WASHINGTON (CNN) — A few weeks into Barack Obama’s victory lap, Michelle Obama’s already under the microscope. And I’m part of the dissecting team.

As a white mom, I recently joined four wise, experienced black moms examining the unique opportunities facing Mrs. Obama.

The essays we wrote created a stir in the new online magazine The Root and we discussed our divergent views on a National Public Radio panel.

Although our disagreements were nuanced and civil, I had to chomp my tongue when Anna Perez, the first African-American to serve as a first lady’s press secretary, offered Michelle Obama the following advice on-air: “Follow Barbara Bush’s rule and never, ever make your husband expend one iota of political capital cleaning up after you.”

Surely Barbara and Laura Bush have been among the most well-liked and non-controversial first ladies in history. And the least effective. I might shoot myself if Michelle Obama, clearly a free-thinking, independent candidate’s wife, follows the example set by white first ladies who did little more than prom queens waving from the parade float.

Both Bush ladies advocated literacy as their primary cause — in a country with a 99 percent adult literacy rate.
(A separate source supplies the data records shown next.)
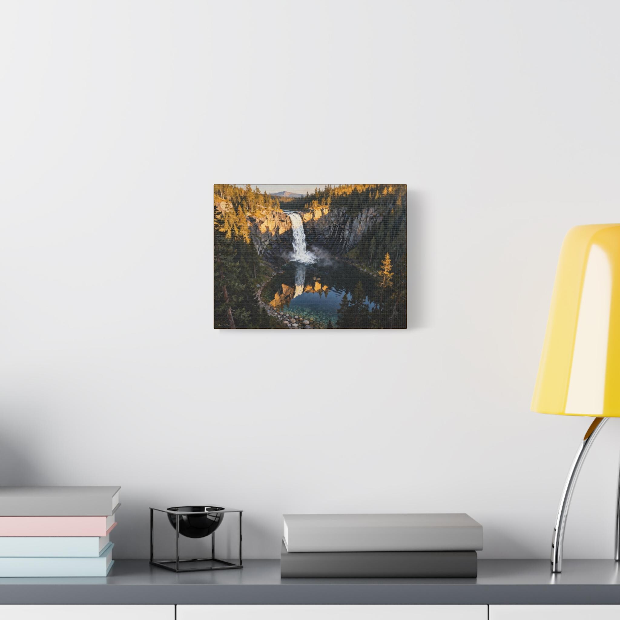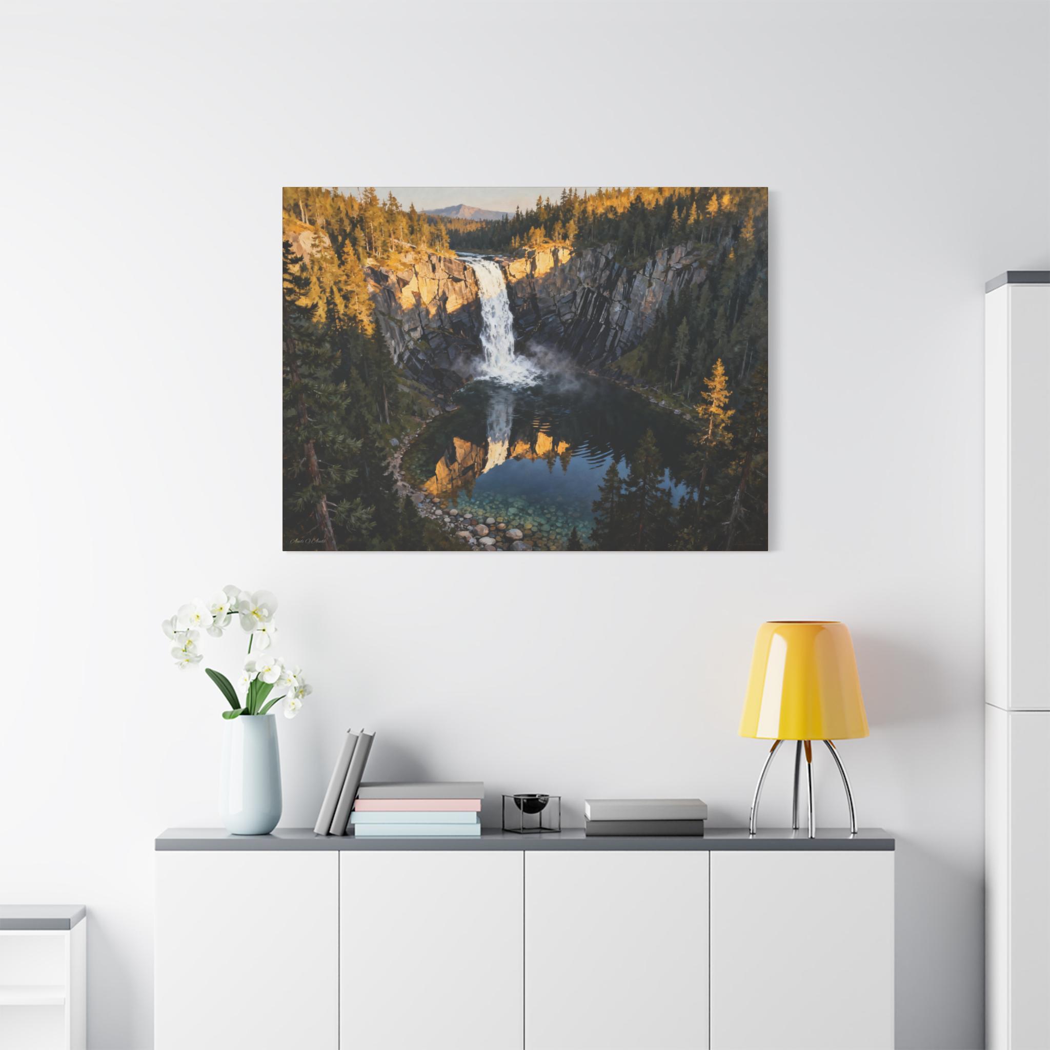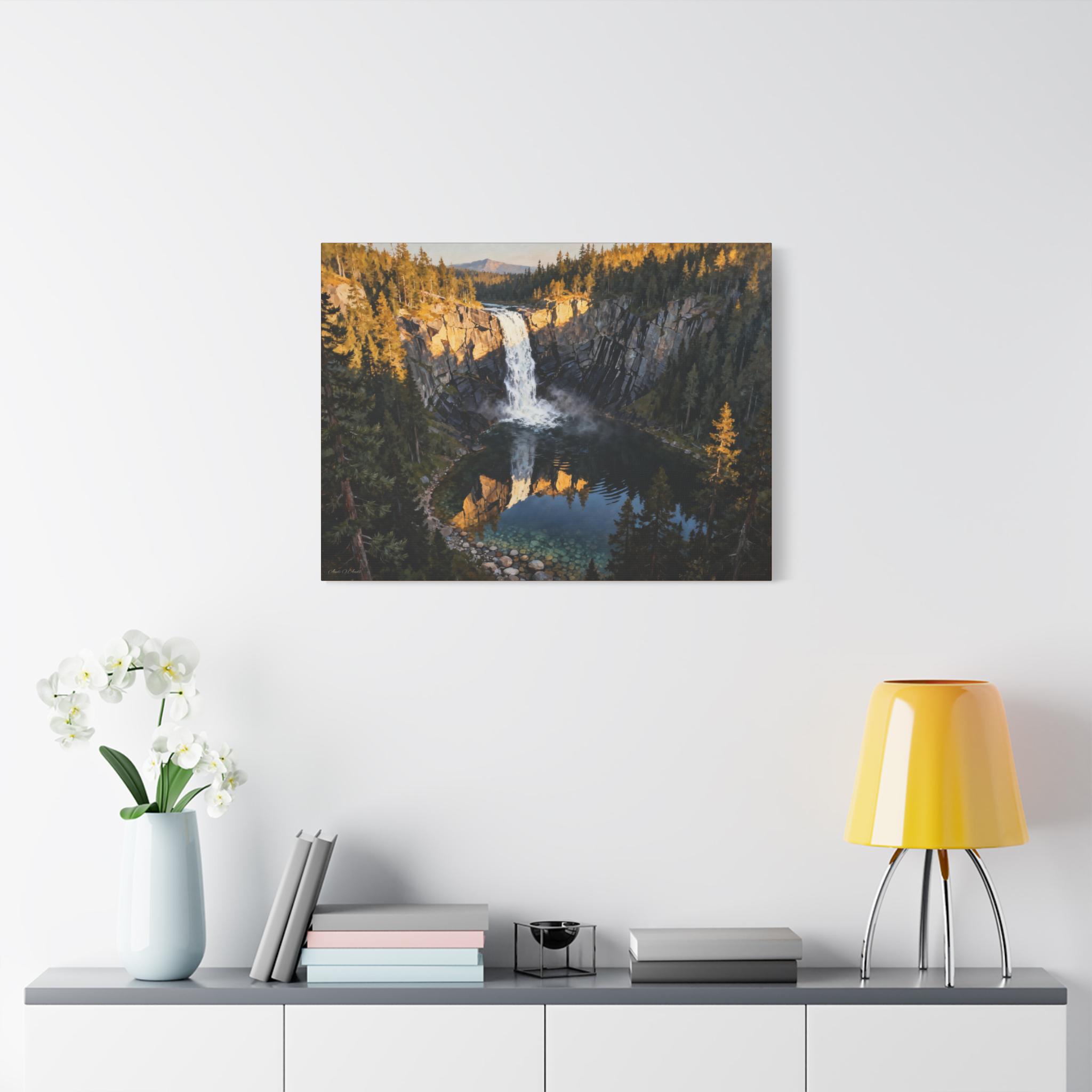 Waterfall & Mountain Canvas Wall Art: Rustic Nature Landscape Print
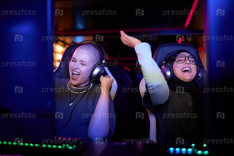 Две женщины играют в видеоигры и празднуют победу
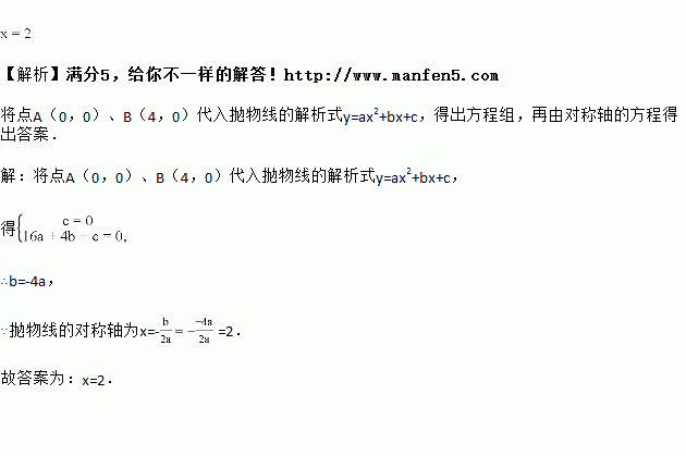 若抛物线与轴交于点、,则抛物线的对称轴为直线________.
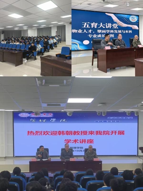 10月20日下午,管理学院在实训楼C103举办五育大讲堂暨“物业管理学科发展规划与本科教学思考”专题讲座,本次讲座特邀浙江树人大学韩朝教授担任主讲人,管理学院物业管理专业全体师生参加活动。活动由学院党委副书记、院长韩传龙主持。
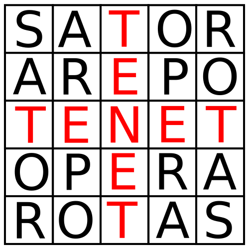 Mas qual é a peculiaridade do Quadrado mágico? Ao sobrepor uma palavra à outra, você obtém uma frase palíndromo, isto é, ele permanece o mesmo quando lido em qualquer direção.
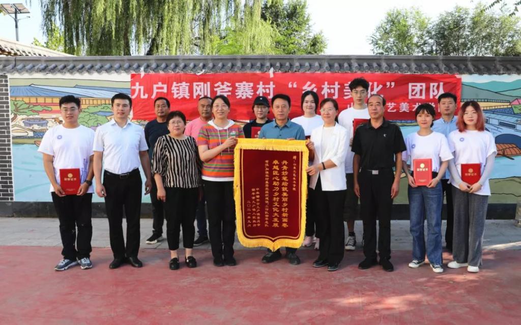 活動最后,省派“加強農村基層黨組織建設”工作隊鄒平市總隊隊長蔣文莉,九戶鎮黨委書記孫美榮將“丹青妙筆繪就美麗鄉村新畫卷,卓越匠心助力鄉村文化大發展”的錦旗授予幫扶團隊,并向研究生志愿者頒發了個人榮譽證書。
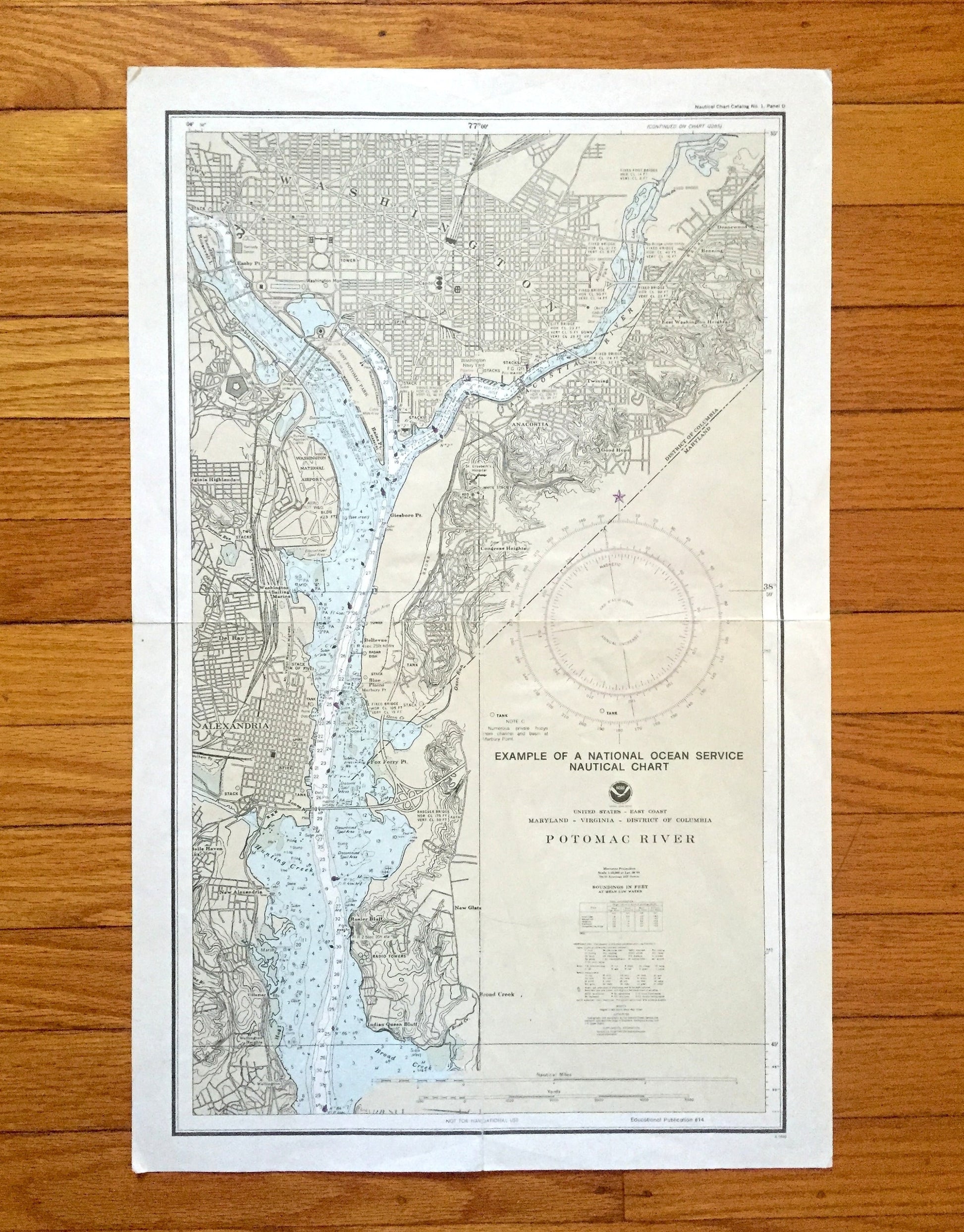 Antique Potomac River 1980 US Coast Guard Nautical Map – Washington DC, Alexandria, Arlington, Virginia, Anacostia, Maryland, Georgetown VA
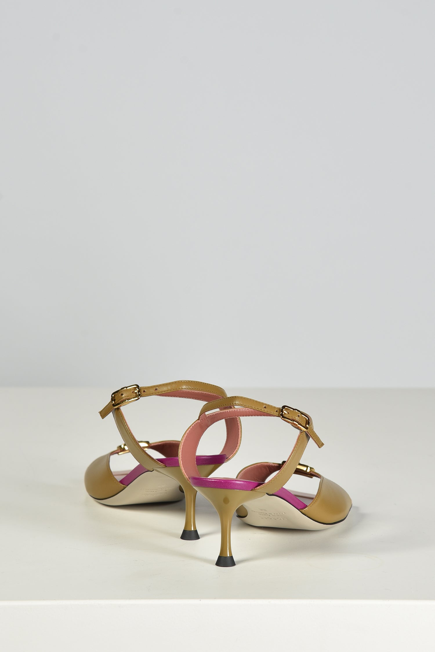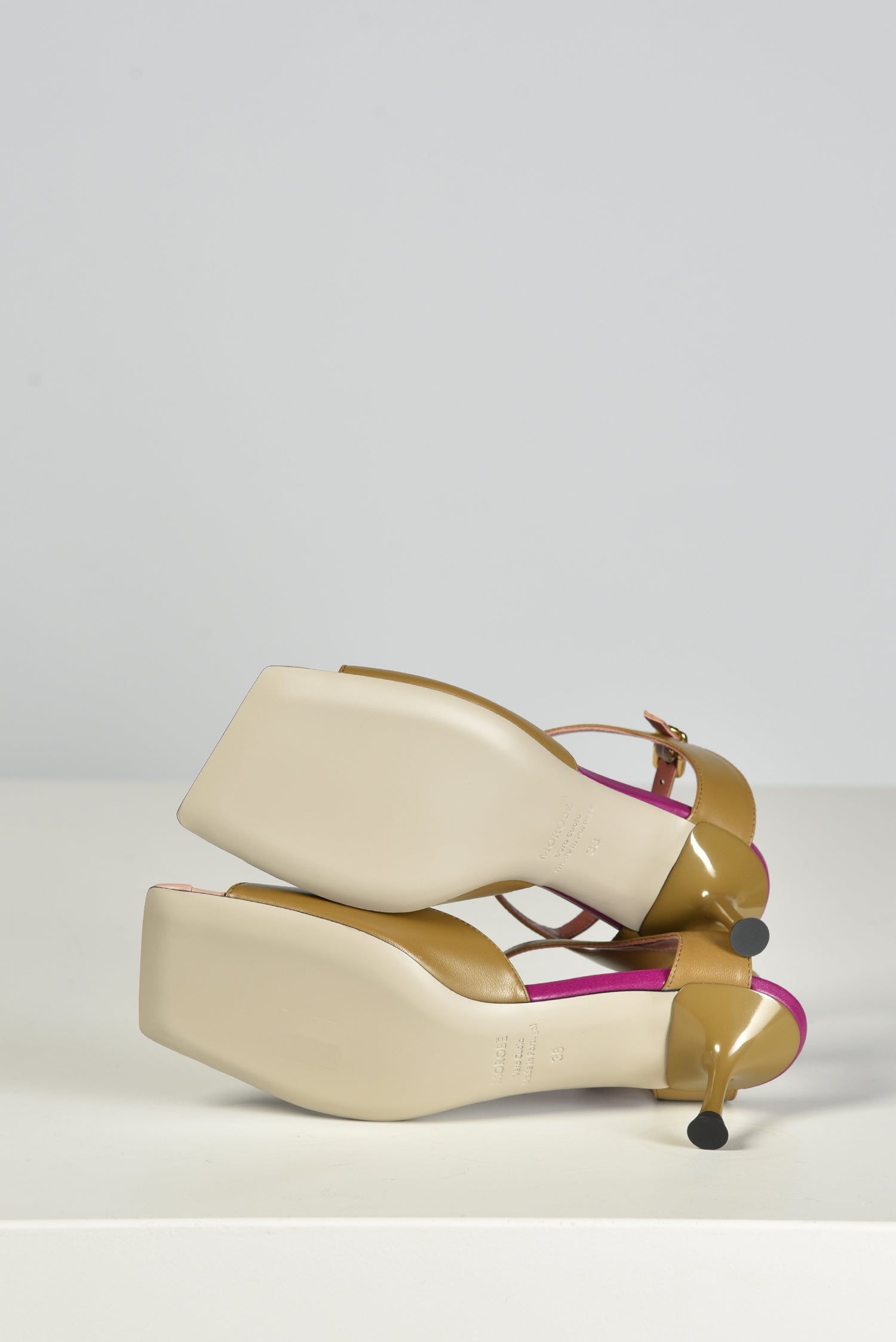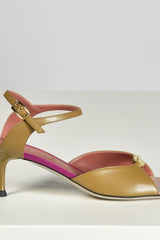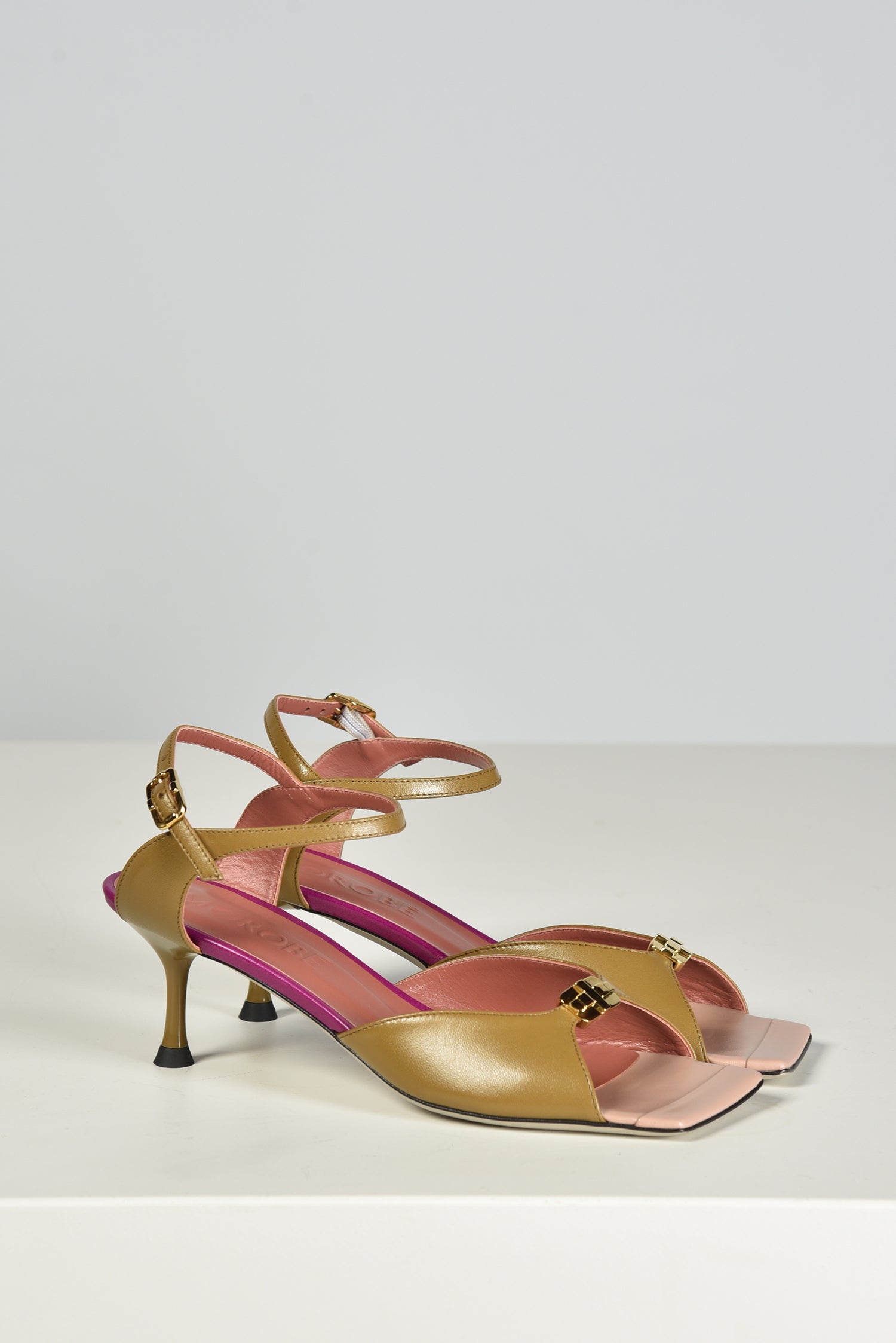 De sandalen Grace groen van Morobe vallen direct op door hun kleurspel van goudbruin, fuchsia en zachtroze. De vierkante neus en de smalle leren bandjes geven het ontwerp een moderne, luchtige vorm. Het gladde leer voelt soepel aan en laat de rijke kleur sweet olive tri mooi uitkomen. De slanke hak heeft een subtiel uitlopende basis, wat zorgt voor een stabiele pasvorm zonder dat het ontwerp zijn elegante lijn verliest. Elk detail draagt de handtekening van Morobe: zorgvuldig gemaakt met oog voor vorm en materiaal. Combineer ze met de Morobe sandalen Grace Logo 101 chocolat voor een stijlvolle contrastset.
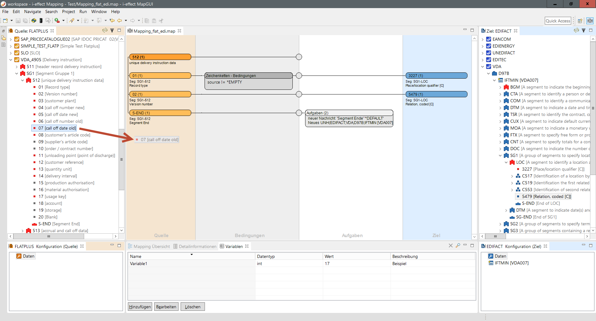 Ziehen Sie ein Feld in den Quellbereich des Mapping-Editors:
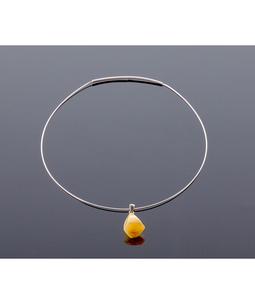 Silver opaque amber pendant
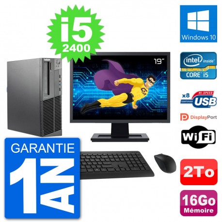PC Lenovo M92p SFF - Intel Core i5-2400 3.1 Ghz (6 Mo) - 16 Go DDR3 - Disque Dur 3,5" 2 To - Graveur DVD - Clef Wifi USB - Windows 10 - Livré avec Ecran 19" + clavier + souris (Marques et modèles variables) - Garantie 1 an.

Sadly, too many white women in this country, first ladies and regular ones alike, follow Barbara Bush’s advice to be a good girl and avoid making any trouble, to the detriment of women and children everywhere.

The problem with most white first ladies, with the exceptions of the uppity Eleanor Roosevelt and Hillary Clinton, is that they’ve been so meek in their advocacy. I don’t begrudge the Bush ladies their values. What infuriates me is the collective societal pressure that makes their goody-two-shoes pablum palatable to others.

Former press secretary Perez also argued that first ladies have no power. Well, Barbara Bush may have backed away from change like a toddler near a hot stove, but not our Michelle.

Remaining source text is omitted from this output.